After Diwali came the inevitable cloud of smog in Delhi. The fact that smog is going to arrive any moment was known to every single person living in Delhi, just the intensity of this smog was a bit surprise. And why not? The toxicity of air was 14-16 times more than the safe limit. The PM 2.5 level skyrocketed making people vulnerable to various respiratory problems. Usually when the smog checks in, a translucent greyish layer of air cover the city. But this winter, this layer was quite thick, almost opaque.
As this year's smog came right after Diwali, a number of people directly blamed Diwali's crackers for it. On the other hand, some remain critical of the farmers of Punjab and Haryana who burned their paddy releasing poisonous gases in the air that reached Delhi through wind. While both burning crackers or crops fairly invite criticism not because they polluted the air but because these actions could have been avoided or minimized.
Diwali is celebrated everywhere in India and the crops are burnt every year in Punjab, Haryana and other paddy growing regions. If India's festival of light is to blame, the entire country should have been covered with smog. And, the foul air produced as a result of crop burning should affect Punjab and Haryana first. They did add up to the already polluted air and caused a spike but none of them can be blamed alone.
The rapid industrialization and urbanization, ignoring the threats imposed on environment, is one of the key factors that has consistently deteriored air quality of Delhi. The idea of sustainable development looks good only in textbook. In practice, we focus only on development. Corruption, too, can be blamed for the breach of environmental norms. Therefore, the toxic air in Delhi and north India is the result of all factors aggregated together. And, to deal with it every factor has to be dealt with separately.
The problem in fact is not just limited to Delhi. The whole of North India is dangerously polluted. The latest WHO list names four Indian cities in their list of world's ten most polluted cities in terms of annual average PM 2.5 levels. They include Allahabad, Gwalior, Patna and Raipur. The top 50 list features 22 Indian cities.
The emissions coming out of factories and automobiles is not fitted with PM filters mainly because they are expensive. The major source of power in India is still coal. Unless Delhi expand its renewable source of energy and become independent of conventional energy, the smog is not going anywhere.
Delhi government took a slew of measures to reform the city public transport. The public transport is already working on CNG and electricity. So, no big reform is needed there. As Delhi's buses and metros have to bear extra load and are always full of people, a large number of private cars are coming on the road everyday. Their emissions add up together making Delhi's air worse.
The odd-even rule was a part of Delhi Chief Minister's private campaign. After coming to power, the CM, apart from accusing Prime minister Modi for absurd reasons, only focused on this scheme. People, at a time, was optimistic about odd even and willingly participated. To silence the critic, the CM blamed BJP for whatever failure it had and alleged that they are trying hard not to make this ‘visionary’ scheme successful in Delhi. He then also declared the scheme - a grand success.
When you do cheap politics over issues like pollution, that is everyone's natural problem, it even mess up all the sincere efforts done previously. It demoralize the working force making it even hard to deal with the situation in hand.
To get out of this mess, the rich in India, particularly Delhi, have begun to insulate themselves from the toxic air. It's not their fault, clean air is the most basic needs of any living being on this planet. If one can get clean air by shelling out some money, people will not hesitate to do that. Money is always secondary when survival is under threat. Fortunately, at this moment the situation is not that tense, though, it is alarming. But, some companies are milking Delhi's misery. Like water purifiers, these companies are now eyeing for their air purifiers to be installed in every household. They are selling ‘clean air’ by creating a panick among people in baba Ramdev style. Buy it or face respiratory problems. They fully know that the advertisement based on the threats of medical complexities can even extract money from middle class people.

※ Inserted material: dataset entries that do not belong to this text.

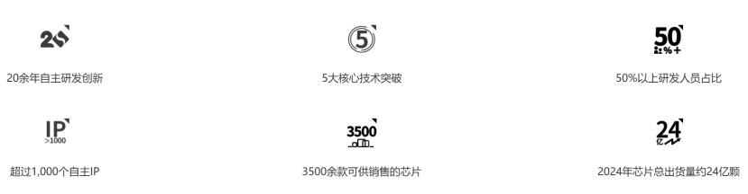 经过20余年自主创新,已拥有五项核心技术包括高可靠性MCU技术、高性能触摸技术、高精度模拟技术、电机驱动芯片技术及底层算法、低功耗技术等。同时,积累的自主IP超过1,000个,可供销售的芯片超过3500余款,2024年芯片总出货量约24亿颗。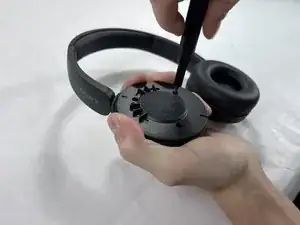 Перемещайте инструмент по разным участкам основания наушников, поддёргивая его, пока крышка не снимется.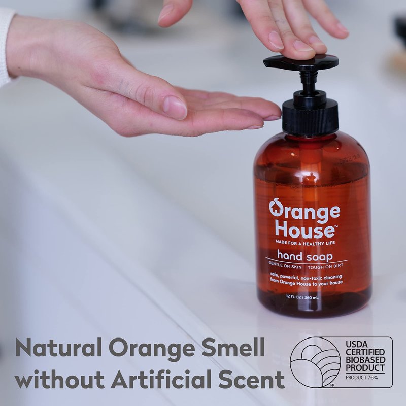 ORANGE HOUSE Natural Liquid Hand Soap with Food-Grade Orange Oil, Cruelty-free, Soft and Moisturizing, 12 Fl Oz

When the air was unadulterated, everyone had ‘equal’ rights over it but now only ‘polluted’ air is for everyone, the ‘purified’ air is for limited number of people. A rich doesn't need a government, the poor do. Therefore, the government must step in to fight air pollution before the poor are completely devoid of the atmospheric oxygen. After all, the air purifiers or even good quality masks are not in reach of poor.